Expression and regulation of prolactin-like protein messenger RNA in undifferentiated chicken granulosa cells

Prolactin-like protein (PRL-L; LOC417800) is a homolog of PRL in non-mammalian vertebrates and can act as a functional ligand of PRL receptor (PRLR). Despite its widespread expression in extrapituitary tissues, mechanisms of regulation of PRL-L in the chicken ovary remain unknown. In this study, we first examined PRL-L expression in chicken ovarian developing follicles.
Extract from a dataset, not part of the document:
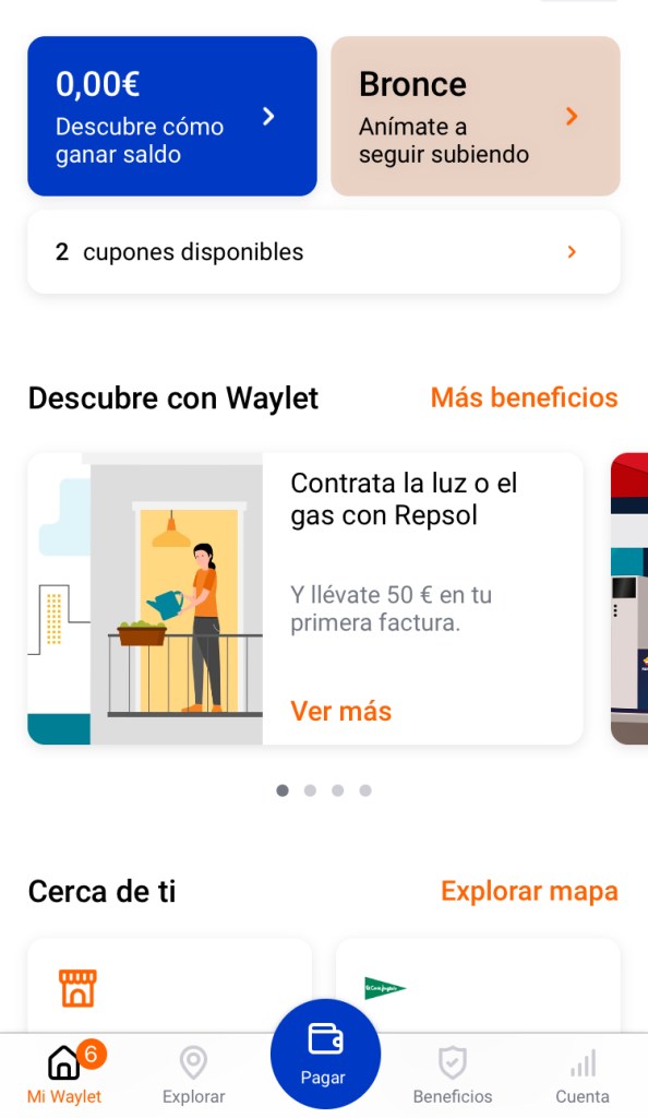 - Mi Waylet. Este apartado nos indicará los comercios que tenemos cerca donde podemos usar la aplicación (para lo que usa nuestra ubicación). Veremos las notificaciones importantes, y también podremos cotejar los últimos movimientos de las compras o pagos que hayamos hecho

PRL-L transcript levels were highest (P < 0.05) in follicular walls of <2 mm follicles and progressively declined during follicle maturation. Undifferentiated granulosa cells of 6-8 mm follicles had higher (P < 0.05) PRL-L mRNA levels than differentiated granulosa cells of F3, F2 or F1 follicles. In cultured undifferentiated granulosa cells, levels of PRL-L transcript were increased (P < 0.05) by follicle stimulating hormone (FSH) treatment while were not altered by the addition of luteinizing hormone (LH). In addition, 10 ng/ml non-glycosylated (NG-) and 1 ng/ml glycosylated (G-) PRL increased (P < 0.05) but at higher levels (100 or 1000 ng/ml) both showed no effects on PRL-L expression. Furthermore, 100 ng/ml NG-PRL enhanced (P < 0.05) FSH-induced PRL-L expression, whereas the effects of G-PRL were not significant. These results suggest that PRL-L mRNA is differentially expressed in the follicular hierarchy and its high abundance in undifferentiated granulosa cells is under the regulation of FSH or PRL variants independently or in combination. Moreover, in undifferentiated granulosa cells we also provide evidence for a positive role for PKA, PKC and PI3K signaling while a negative role for ERK2 in mediating FSH stimulation of PRL-L transcription.